Monitoring & Incident Response
Deploying real-time monitoring tools and an incident response plan to detect and mitigate potential cyber incidents promptly.
Access Control
Enforcing strict access controls and privileges to limit access to sensitive data and systems.
Employee Training
Providing comprehensive cybersecurity trainings for employees and personnel to raise awareness of potential threats and best security practices.
Differences between IT and OT Security
Overall, both OT security and IT security are essential aspects of overall cybersecurity for organizations. As the convergence of IT and OT continues, bridging the gap between the two disciplines becomes crucial to create a comprehensive cybersecurity strategy that protects both digital assets and critical infrastructure.
OT Security
Scope and Focus
- Securing industrial control systems
- Supervisory control and data acquisition systems (SCADA-systems)
- Protection of physical processes and machinery
- Prevention of cyber operational disruptions
- Safety hazards or environmental risks
Technology and Environment
- Securing specialized devices like sensors, programmable logic controllers (PLCs), distributed control systems (DCS), and industrial machinery
- Real-time operations, legacy systems, proprietary protocols
- Focus on reliability and availability
Objectives
- Ensure the continues and safe operation of critical infrastructure processes
- Preventing cyber-physical incidents that can result in operational downtime, equipment damage und physical harm
Risk tolerances
- Often prioritizes safety and reliability over immediate patching and updates due to the potential impact on industrial operations.
- Certain vulnerabilities might remain unpatched for extended periods, leading to a higher tolerance for some risks
Regulatory landscape
- Critical industries infrastructure, such as energy, manufacturing, transportation, and utilities, are subject to specific regulations and standards concerning OT security.
- Compliance requirements often differ from traditional IT security regulation
Skillset and expertise
- OT security professionals require a deep understanding of industrial processes, SCADA systems, ICS protocols, and specific industry challenges.
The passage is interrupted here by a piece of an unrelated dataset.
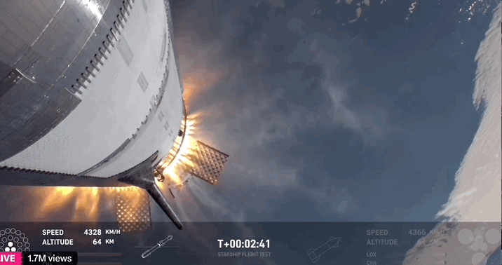 但这一次,没能验证星舰二级再入大气层的表现,直播十几分钟就结束了。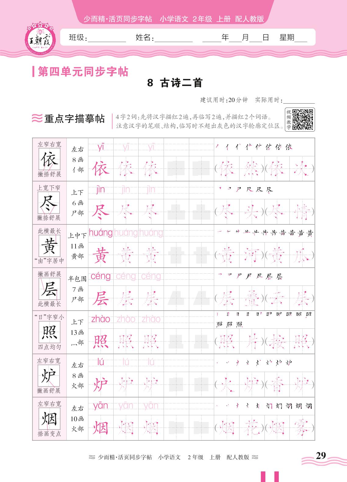 2024秋上册二年级语文人教版 第四单元同步字帖——8. 古诗二首

- They need expertise in securing complex physical systems and mitigating cyber-physical risks.
IT Security
Scope and Focus
- Safeguarding information technology systems, networks, servers, computers and data in business and enterprise environment
- Protect sensitive data, maintain data integrity, ensure confidentiality, and prevent unauthorized access to corporate information
Technology and Environment
- Securing general-purpose computer devices like laptops, desktops, servers, cloud infrastructure, mobile devices, and web applications
- Focus on efficiency, scalability, and data processing
Objectives
- Protect data confidentiality, integrity and availability
- Preventing data breaches, intellectual property theft and other cyber incidents that could lead into financial losses, reputational damage, and compliance issues.
Risk Tolerances
- IT environment typically more dynamic and responsive to immediate threats
- Regular patching, updates, and vulnerability management are common practices in IT Security to reduce the risks of cyber attacks
Regulatory landscape
- Subject to various industry standards and data protection regulations, such as GDPR, HIPAA, and PCI DSS, depending on the nature of the organization's operations and data handlings
Skillset and expertise
- IT security professionals focus on network security, cryptography, endpoint protection, application security, and data security.
- They are adept at addressing traditional cyber threats, such as malware, phishing, and unauthorized access.